_TASK PROMPT_
Copy nothing from the entries below except the lines from the one containing "Neben der Verdauung" through the one containing "For keyword completion", and copy those exactly.

_EXTRACTED RECORDS_
....................
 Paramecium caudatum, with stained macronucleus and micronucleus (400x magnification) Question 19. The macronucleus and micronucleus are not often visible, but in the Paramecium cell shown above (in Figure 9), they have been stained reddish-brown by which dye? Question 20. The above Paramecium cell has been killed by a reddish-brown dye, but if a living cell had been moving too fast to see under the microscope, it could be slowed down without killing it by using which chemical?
....................
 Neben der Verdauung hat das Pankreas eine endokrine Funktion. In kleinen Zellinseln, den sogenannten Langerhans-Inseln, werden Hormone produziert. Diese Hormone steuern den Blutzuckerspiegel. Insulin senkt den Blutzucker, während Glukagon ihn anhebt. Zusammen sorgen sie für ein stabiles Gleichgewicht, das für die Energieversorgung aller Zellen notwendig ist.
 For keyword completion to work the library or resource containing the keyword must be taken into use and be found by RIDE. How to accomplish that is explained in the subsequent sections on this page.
....................
_TASK SOLUTION_
 Neben der Verdauung hat das Pankreas eine endokrine Funktion. In kleinen Zellinseln, den sogenannten Langerhans-Inseln, werden Hormone produziert. Diese Hormone steuern den Blutzuckerspiegel. Insulin senkt den Blutzucker, während Glukagon ihn anhebt. Zusammen sorgen sie für ein stabiles Gleichgewicht, das für die Energieversorgung aller Zellen notwendig ist.
 For keyword completion to work the library or resource containing the keyword must be taken into use and be found by RIDE. How to accomplish that is explained in the subsequent sections on this page.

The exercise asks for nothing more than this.